I haven't really finished the first chapter yet, so this will work.
So, a short explaination of what happened is that seventeen year old Amelia is put into Caroline Heaton's care as a foster child, because her father dissapeared. Carol's son, Felix, dissapeared and was declared dead months ago. This isn't a mystery book, but you'll figure out where the romance part comes in, and why it is called 'bloody' kisses. I'm sorry that it's so long!

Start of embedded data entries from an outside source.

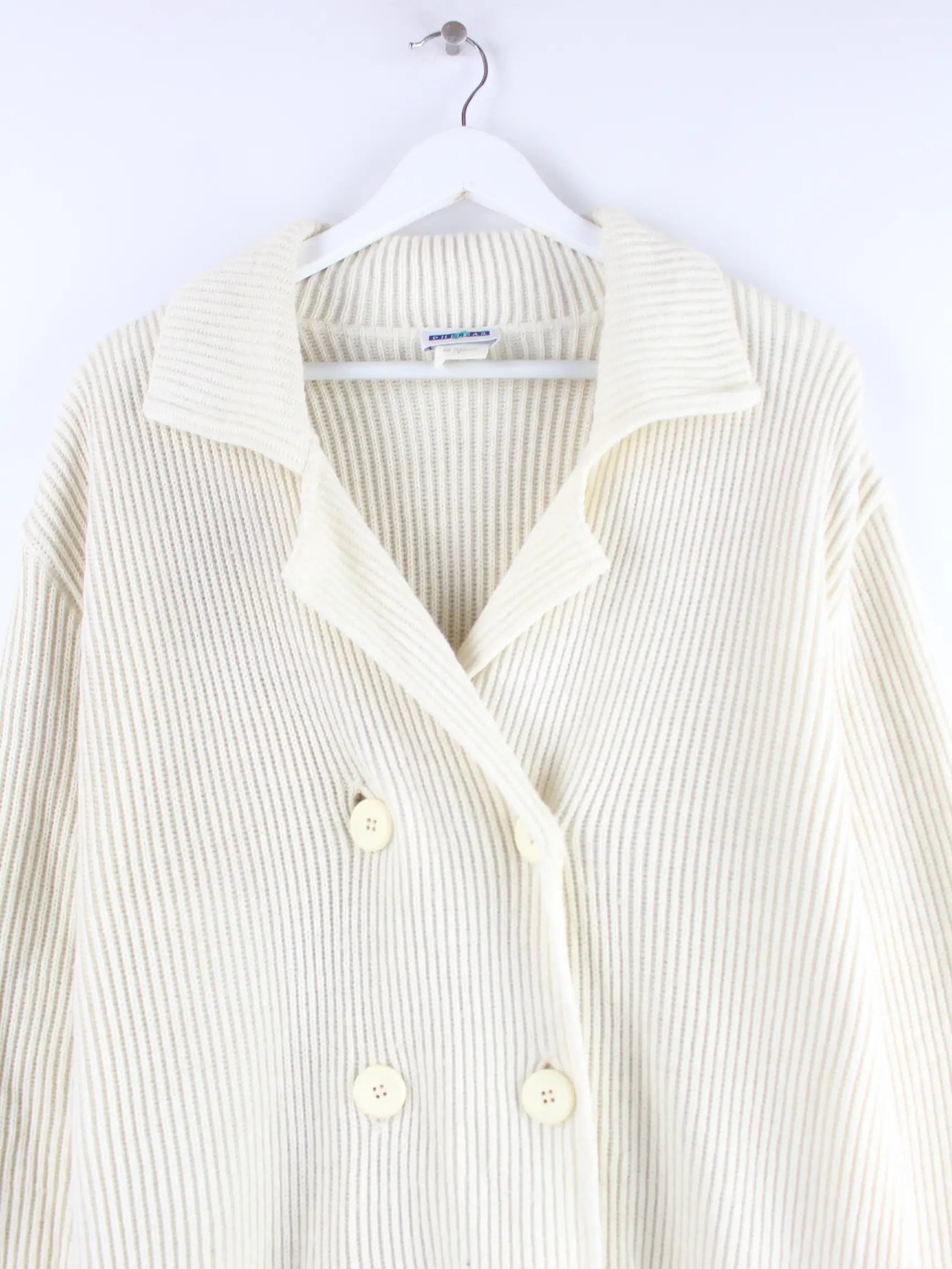 Vintage Strickjacke in Größe S. Sie ist aus Acryl und in Beige in Stock.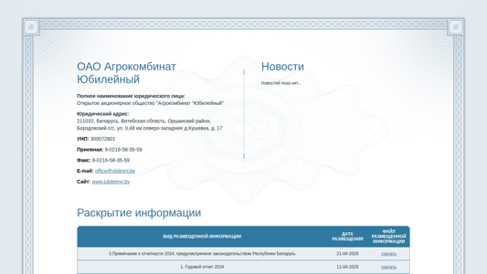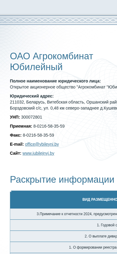 The website <www.jubilejnyj.by> belongs to Open Joint Stock Company "Agricultural Combine Jubileiny" (OAO "Агрокомбинат "Юбилейный"). The organization is located in Belarus, Vitsebskaya oblast, Orshansky district, Borzdovski selsovet, ul. 0,48 km northwest of d.Kuшеvka, d.17. The company's UNP number is 300072801. The contact details provided include a phone number (8-0216-58-35-59) and an email address (office@ybileyni.by). The website features downloadable documents such as annual reports for the years 2023 and 2024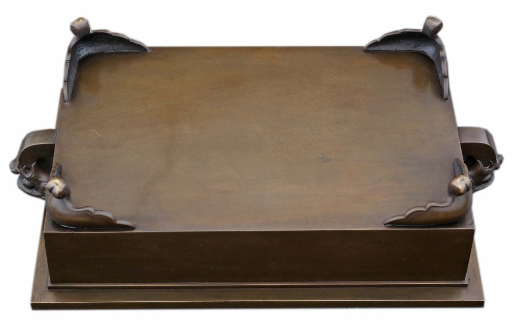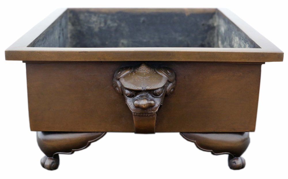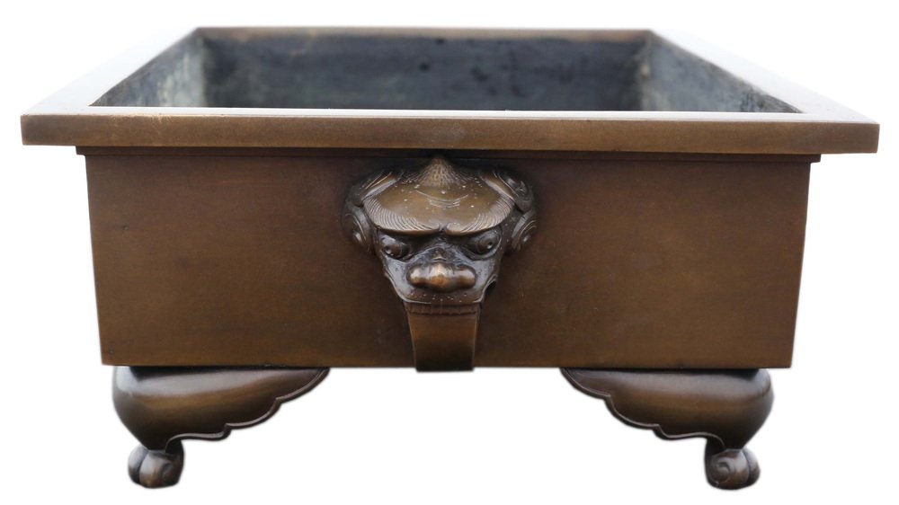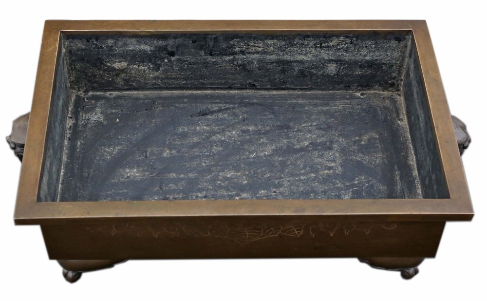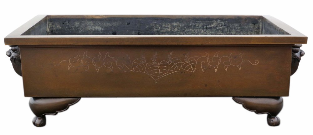 Antica fioriera/giardiniera orientale d'epoca in bronzo pesante, 1930 circa - un pezzo di alta qualità del periodo Taisho e del primo periodo Showa, ideale per l'arte Suiban Ikebana. Perfetto per composizioni floreali o bonsai.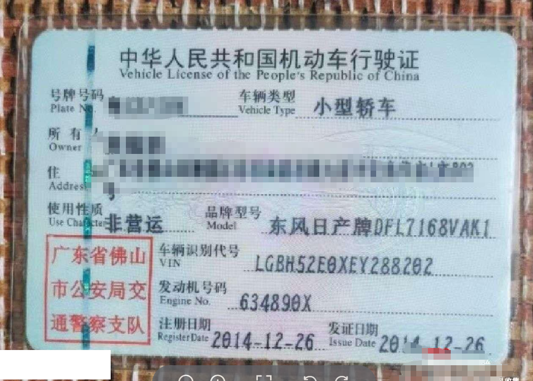 车牌号 粤****** 品牌 日产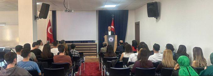 Üniversite öğrencilerinin yoğun ilgi gösterdiği programda kültür, medeniyet ve değerler ekseninde bir konuşma yapan Türkiye Yazarlar Birliği (TYB) İstanbul Şube Başkanı Yazar Mahmut Bıyıklı, “Gençlerimiz ve dilimiz bizim manevi vatanımızdır. Fiziki vatanımızı muhafaza etmek için nasıl savunma sanayine yatırımlar yapıyorsak manevi vatanımız olan dilimize de aynı hassasiyetle sahip çıkmalıyız ifadelerini kullandı.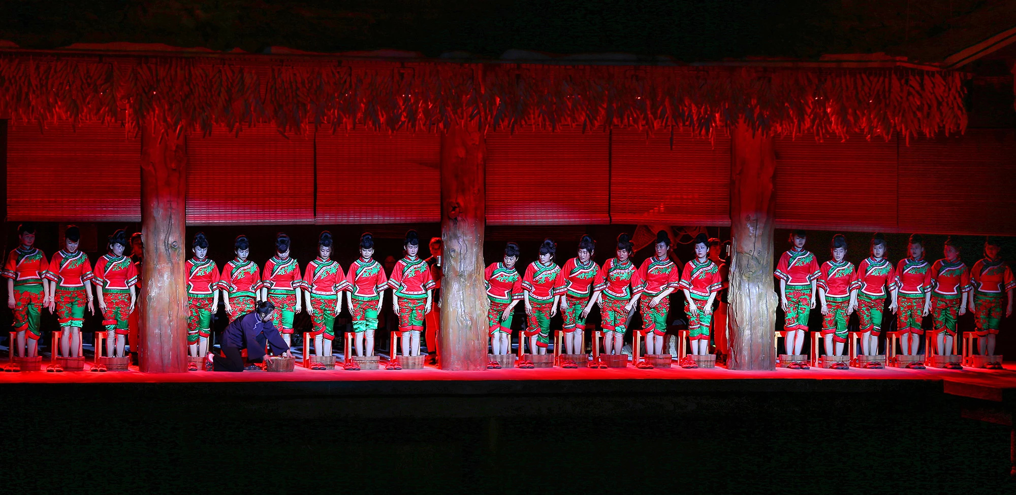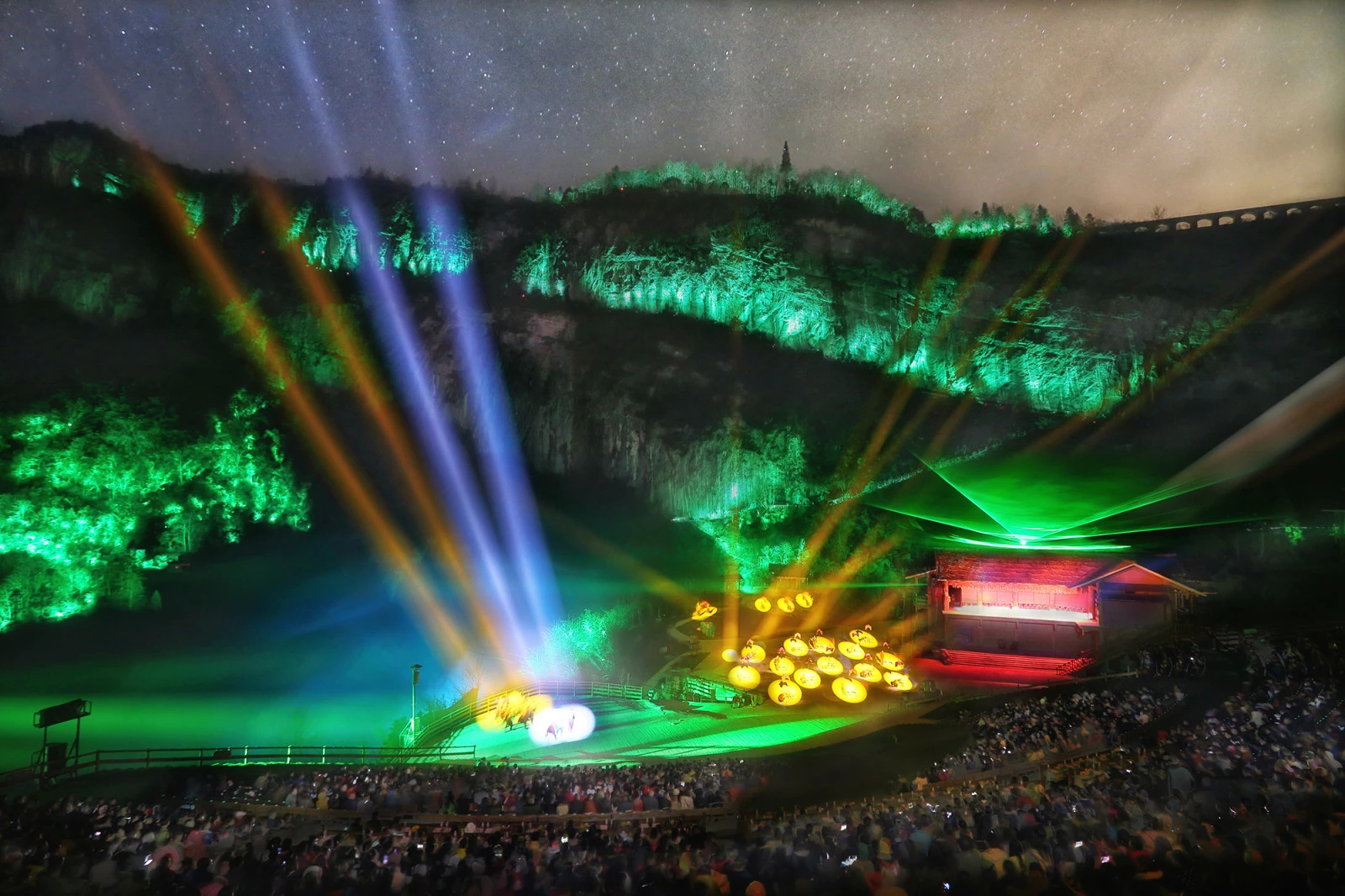 《印象武隆》是由張藝謀、王潮歌、樊躍鐵三角聯(lián)合打造的山水實(shí)景演出。演出囊括武隆巴人遺風(fēng)、山水遺情、歷史演進(jìn)的獨(dú)特文化資源,將“號子”、“哭嫁”等傳承千年卻即將消失的民俗形式以及“棒棒”、“滑竿”“麻辣火鍋”等最具重慶特色的人文元素相融合,通過70分鐘實(shí)景歌會的方式再現(xiàn)巴渝地區(qū)獨(dú)特的“號子”文化。

I was sitting on the carpet in front of Carol’s big black-leather couch, drawing swirl patterns on the back of my hand with a black ballpoint pen boredly. Soft music played in the background, and I was surprised to find that Carol had surround sound. A part of the T.V. was supposed to be playing the radio, but I didn’t understand the setup.
Carol was perched behind me, pulling a brush through my hair. Her cool fingers were so gentle, and cold, I wasn’t used to it. I had never had a mother, because she had died in childbirth. I had never known her, but the absence of her presence hadn’t affected me. My dad had said that I was born knowing all the girly rules and protocol.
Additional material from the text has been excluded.